Our products could contain defects, which would increase our costs and harm our business.
Certain of our products, especially our laser and automation products, are inherently complex in design and require ongoing regular maintenance. Further, the manufacture of these products often involves a highly complex and precise process. As a result of the technical complexity of these products, design defects, changes in our or our suppliers’ manufacturing processes or the inadvertent use of defective materials by us or our suppliers could adversely affect our manufacturing yields and product reliability, which could in turn harm our business, operating results, financial condition and customer relationships.
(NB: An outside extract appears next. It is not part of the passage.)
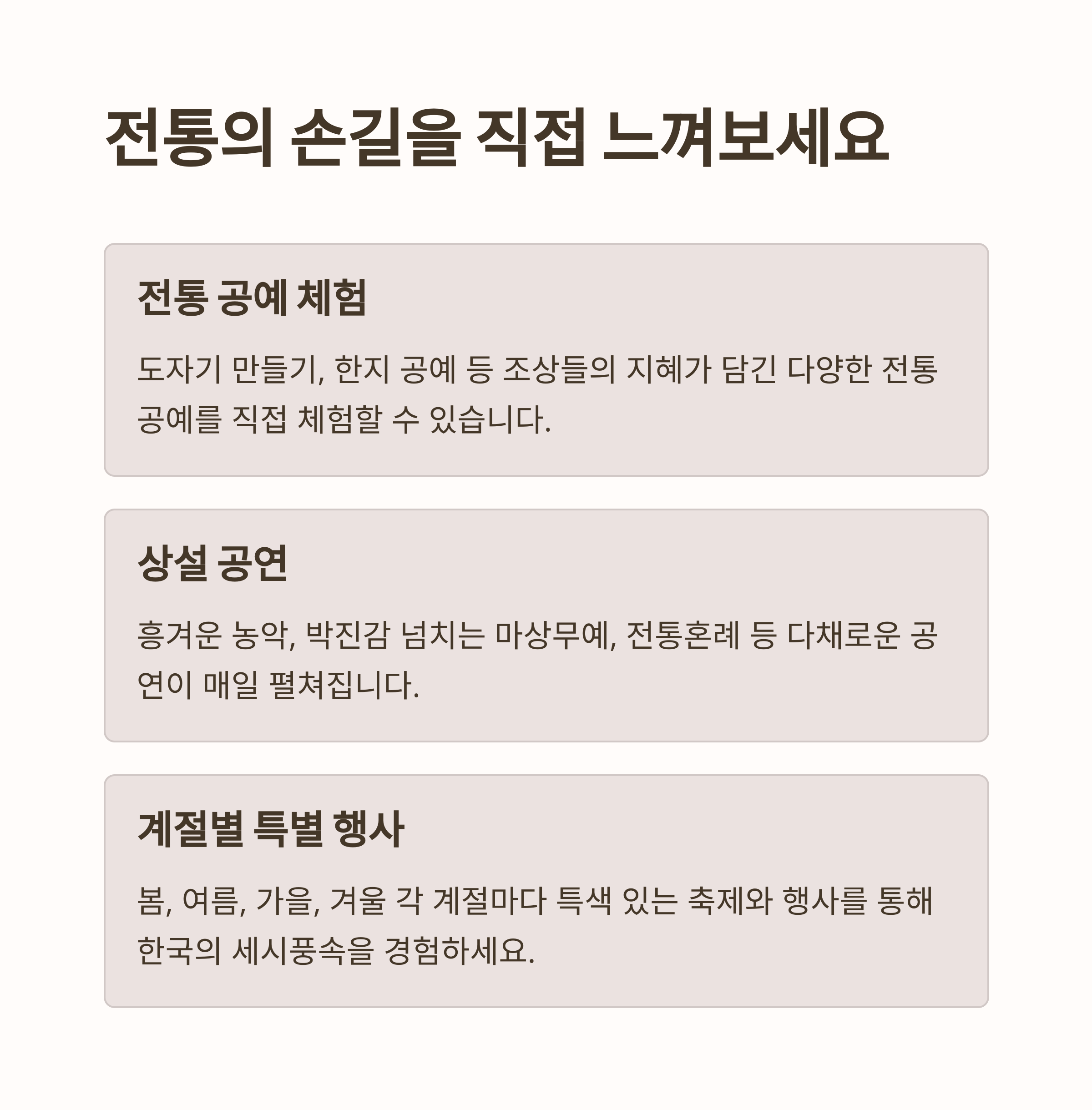 | 최대 59% 할인과 프로모션 진행 | 달빛을 더하다, 전통 분위기 만끽 | 공예 체험과 전통 공연 프로그램 |

We provide warranties for our products, and we accrue allowances for estimated warranty costs at the time we recognize revenue for the sale of the products. The determination of such allowances requires us to make estimates of product return rates and expected costs to repair or replace the products under warranty. We establish warranty reserves based on historical warranty costs for our products. If actual return rates or repair and replacement costs differ significantly from our estimates, adjustments to recognize additional cost of sales may be required in future periods.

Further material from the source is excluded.